Он долго не мог заснуть и все думал: «Что касается поручений, тут у меня совесть чиста. Стах и Секула не могут меня ни в чем упрекнуть, кроме мелких упущений, которые я с лихвой наверстал на площади Желязиой Брамы. Но получается все же нехорошо, — подумал он минуту спустя, — то поблажку себе даю, то подтягиваюсь. Есть кредит, значит можно малость подхалтурить, а потом опять подтянуться. Купля-продажа. Тут обманешь, там зубы заговоришь. Дешевка…»
Два дня спустя, в субботу, Владек был ранен выстрелом в голову. Он и его товарищ Тристан, с продырявленным легким, лежали в Мальтийском госпитале; в истории болезни диагноз был вымышленный. Анна-Мария, в меру своих конспиративных возможностей, ухаживала за ними. У Тристана под шапкой волос, похожих на гроздья винограда, было белое лицо молодого патриция. Он страдал эстетично в противоположность Владеку, который то изнемогал от рвоты, то бредил. «Поручик Пума, вы и любовь к родине — понятия несовместимые, — кричал он. — Жить, Ирка, жить… — бормотал он через минуту, принимая Анну-Марию за одну из девушек, обитающих в руинах. — Что за шум?..»
Анна-Мария мягкой ладонью закрывала ему рот. Она никому не рассказывала, о чем он бредит. Доктор говорил, что бред — хороший симптом, значит, рана не очень опасная.
XXV
— Нужны девушки и фотоаппарат, — сказал в обеденный перерыв Стах.

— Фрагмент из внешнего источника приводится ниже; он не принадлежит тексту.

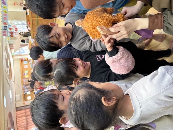 | さつき組のみんなが楽しみにしていた、ひかり保育園の年長児さんのドッヂボール交流会。 小雪の舞う中、かけつけた後輩らの応援を背にうけて、白熱した両園混合の紅白&園対抗戦! ドッヂボールのあとは、鬼ごっこで遊んで、交流を楽しみました。 寒い中、グランドまで来てくれた ひかり保育園のみなさん、ありがとうございました!! |
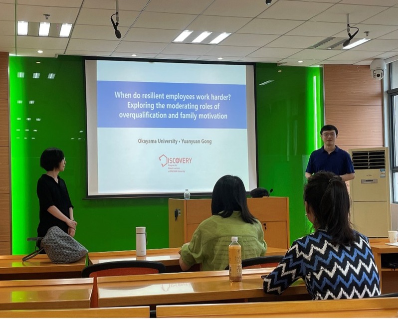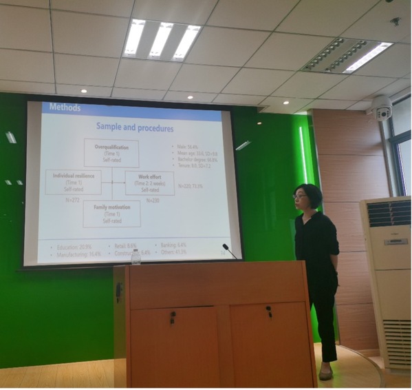 7月18日,p站 人力资源管理研究所邀请到日本冈山大学副教授龚元元在学院702会议室为p站 师生作了题为“When do resilient employees work harder? Exploring the moderating roles of overqualification and family motivation”的精彩学术报告。本次报告由青年教师刘奂辰主持,胡恩华、李媛,蔡静雯等教师以及博士生和硕士生参加了此次学术报告活动。

Они сидели на ящике с песком для тушения пожара, прислонившись к теплой стене сарая, и с наслаждением грели голые спины. Один из складских сараев разобрали, уничтожив обиталище крыс и сороконожек. На этом месте «третий» Берг ставил одноэтажное кирпичное здание нового столярного цеха. В то время немцы запретили всякое строительство, кроме военного; строились бомбоубежища и оборонительные укрепления — все, что служило не людям, а войне. Но для «третьего» Берга это было не препятствие. Он умел, где нужно, ввернуть словечко об опасности пожара в старых деревянных помещениях, говорил, убеждал, подкрепляя свои доводы умеренными взятками. Жена его, дебелая и пузатая, словно мешок с мукой, заведовала фабричной столовой. Она смотрела на свои обязанности как на средство похудеть. А муж говорил, что сейчас так принято. И она верила ему, потому что в последнее время Эрих часто оказывался прав. Наблюдая за его энергичной деятельностью, она переживала возрождение любви и, как добрая жена, помогала ему, принимая нужных людей. А те удивлялись, как она сумела сохранить такое безупречное произношение, прожив столько лет на чужбине. Оберштурмфюрер Хиршберг заявил: «Вот истинно немецкая женщина! Кто, поговорив с вами, посмеет усомниться в нашем праве владычествовать над вымирающими народами? Мы — монолит, а вы — кристаллический осколок этого монолита, сверкающий в болоте варварства».
Она прошла мимо сидящих на ящике парней. Сняв белоснежный фартук, она семенила по двору. Казалось, ее платье из натурального шелка, контрабандой доставленного из варшавского гетто, вот-вот лопнет по швам. Здоровенный зад мешал ей протиснуться между штабелями досок и ящиками с известью. Она осторожно ставила свои слоновьи ступни: на левой ноге у нее был надет эластичный чулок.